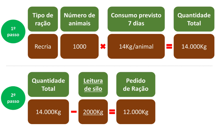 A confecção do pedido de ração deve conter informações obtidas por meio do cálculo baseado na leitura de silo, quantidade de animais e consumo previsto; além do tipo de ração requerida.
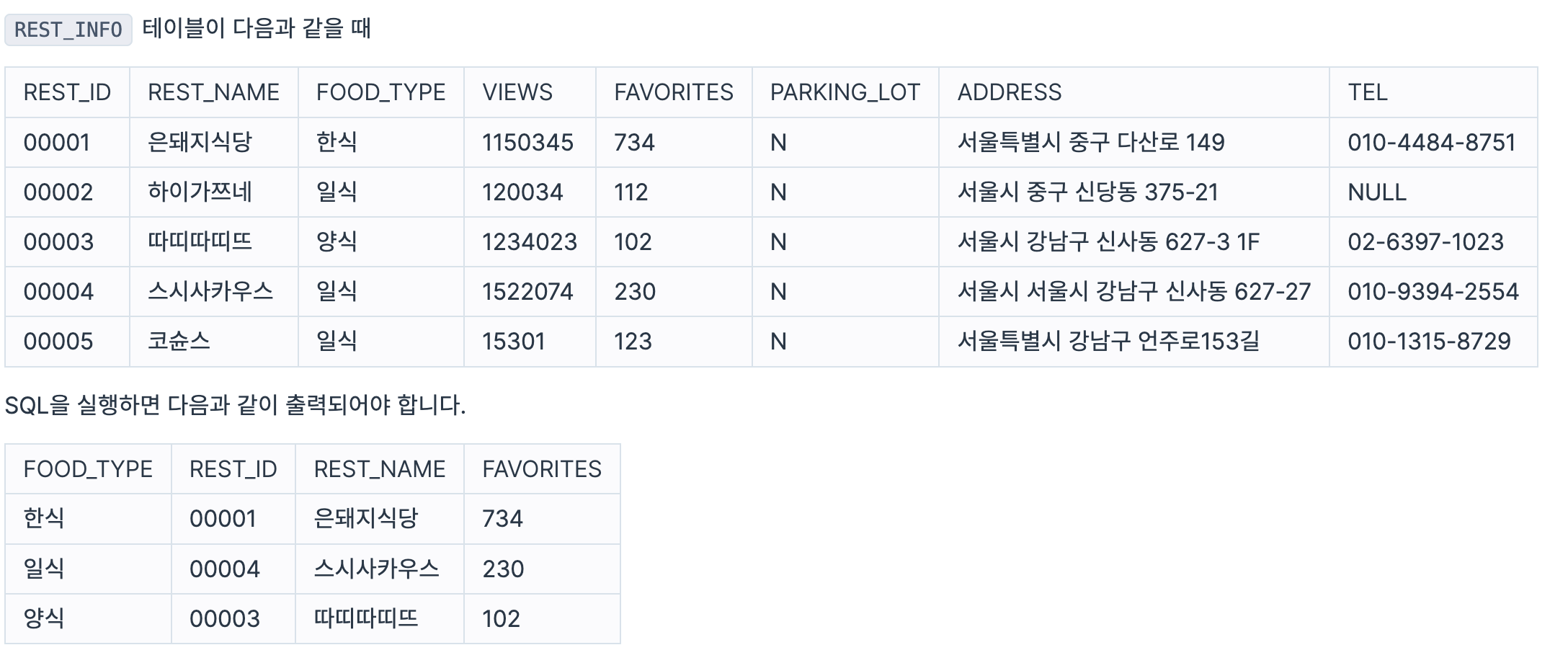 [프로그래머스] 즐겨찾기가 가장 많은 식당 정보 출력하기 (MySQL) 본문
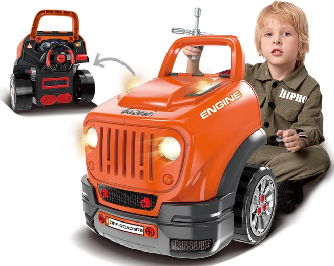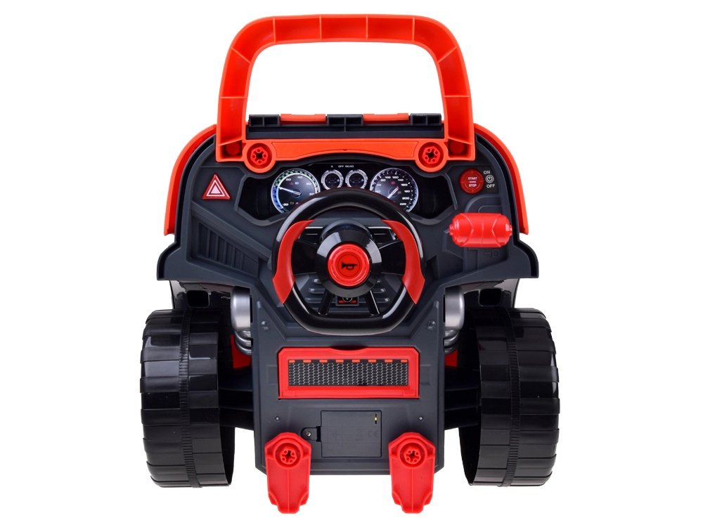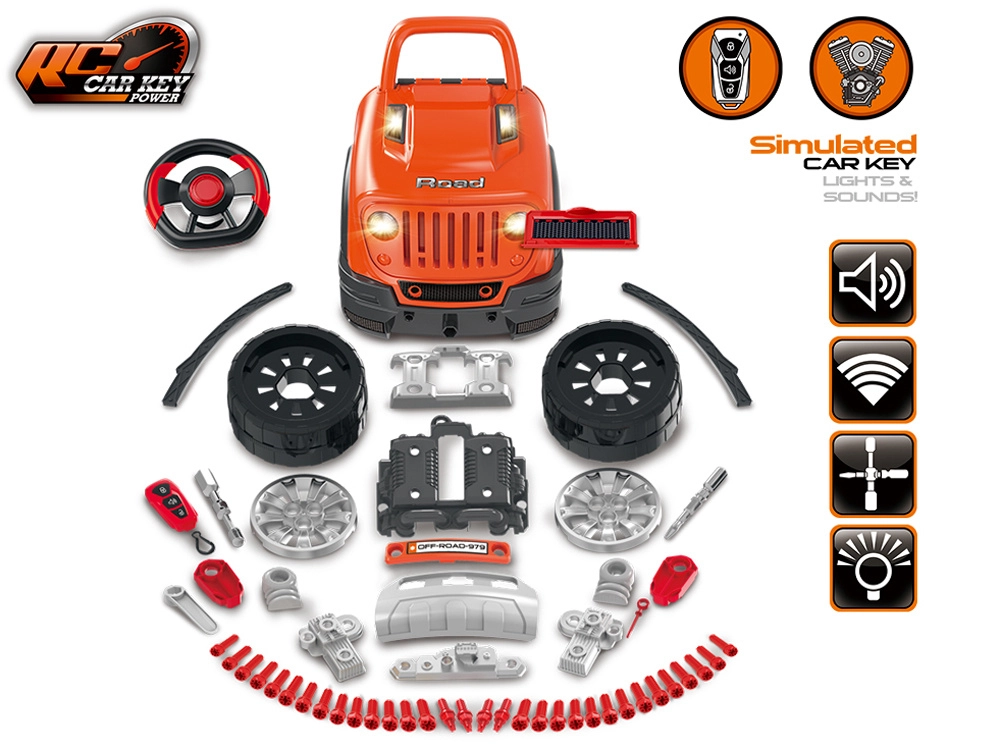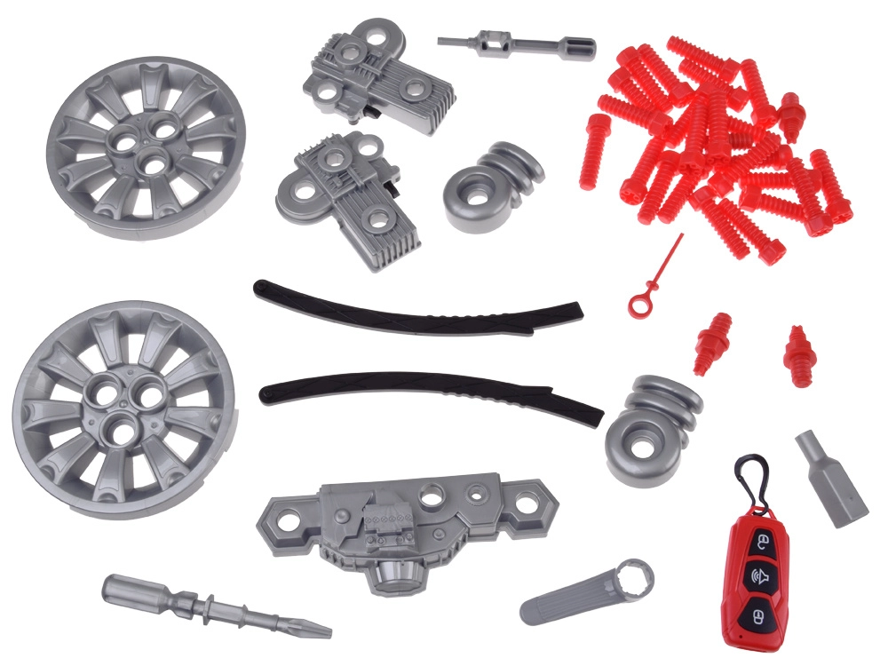 Inclusief rijk assortiment accessoires: bouten, schroevendraaier met inbussleutel, 4-in-1 gereedschap, oliepeilstok en filter, kentekenplaat en steunen om de auto te “heffen”. Het draaibare stuur met werkende claxon en versnellingspook zorgt voor extra plezier.
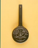 Objeto utilitario. Tiene una forma redondeada que se une a una forma rectangular y alargada. En la superficie de la parte redonda contiene algunos elementos decorativos en relieve
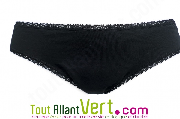 Culotte menstruelle flux légers en coton bio, Noir, taille 40
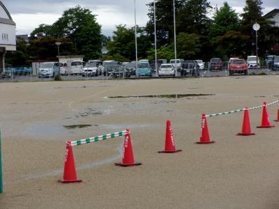 第三小学校の12時半現在の校庭の様子です。現在,小学校では雨がやんでいます。今夜から明日のお昼ごろまでは曇りの予報が出ています。このまま降らなければ,水はけの素晴らしい三小校庭なので,明日の運動会の開催については,期待をしたいところです!
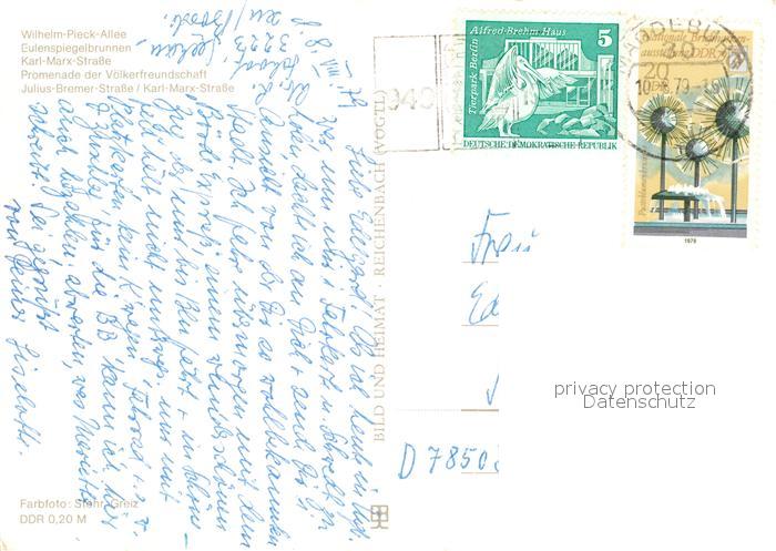 73336621 alte Postkarte Magdeburg Wilh Pieck Allee Eulenspiegelbrunnen Karl Marx Str Promenade der Voelkerfreundschaft Julius Bremer Str postalisch gelaufen Erhaltung siehe scans [WerneD78] KatCode: 11110015003000
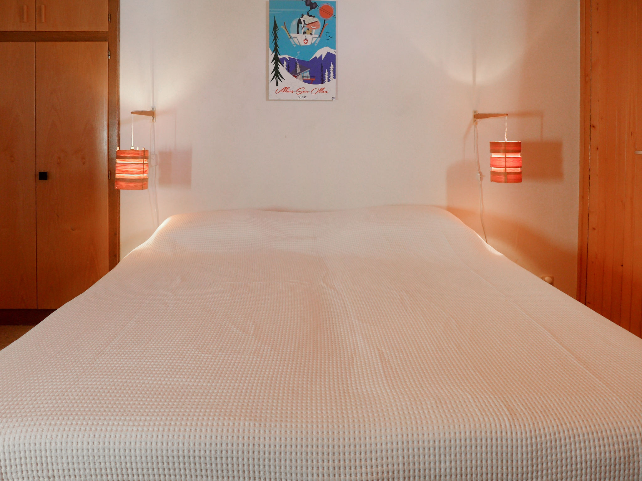 "Montagnards 17", 4-Zimmer-Wohnung 80 m2 im 3. Stock, Südostlage. Zweckmässig eingerichtet: Wohn-/Esszimmer mit Esstisch und TV (Flachbildschirm), DVD. Ausgang zum Balkon, Richtung Osten. 1 Zimmer mit 2 Betten (90 cm, Länge 200 cm). 1 Zimmer mit 2 Betten (90 cm, Länge 200 cm). 1 Doppelzimmer, ohne Schrank mit 1 franz. Bett (2 x 90 cm). Kleine Küche (Backofen, Geschirrspüler, 4 Glaskeramikplatten, Toaster, Wasserkocher, Mikrowelle, Tiefkühler, elektrische Kaffeemaschine, Kapseln für die Kaffeemaschine (Nespresso), Racletteofen, Fondue Set (Käse)). Bad/WC. Balkon, Ostlage. Schöne Sicht. Zur Verfügung: Waschmaschine, Wäschetrockner, Haartrockner. Internet (WLAN, gratis). Maximal 1 Haustier/Hund erlaubt.

------------------------------

> Assignment:
Starting at the line with "Inclusief rijk assortiment" and finishing at the line with "73336621 alte Postkarte", copy the material above exactly, both lines included. Nothing else goes in, and no pictures.

> Solution below:
 Inclusief rijk assortiment accessoires: bouten, schroevendraaier met inbussleutel, 4-in-1 gereedschap, oliepeilstok en filter, kentekenplaat en steunen om de auto te “heffen”. Het draaibare stuur met werkende claxon en versnellingspook zorgt voor extra plezier.
 Objeto utilitario. Tiene una forma redondeada que se une a una forma rectangular y alargada. En la superficie de la parte redonda contiene algunos elementos decorativos en relieve
 Culotte menstruelle flux légers en coton bio, Noir, taille 40
 第三小学校の12時半現在の校庭の様子です。現在,小学校では雨がやんでいます。今夜から明日のお昼ごろまでは曇りの予報が出ています。このまま降らなければ,水はけの素晴らしい三小校庭なので,明日の運動会の開催については,期待をしたいところです!
 73336621 alte Postkarte Magdeburg Wilh Pieck Allee Eulenspiegelbrunnen Karl Marx Str Promenade der Voelkerfreundschaft Julius Bremer Str postalisch gelaufen Erhaltung siehe scans [WerneD78] KatCode: 11110015003000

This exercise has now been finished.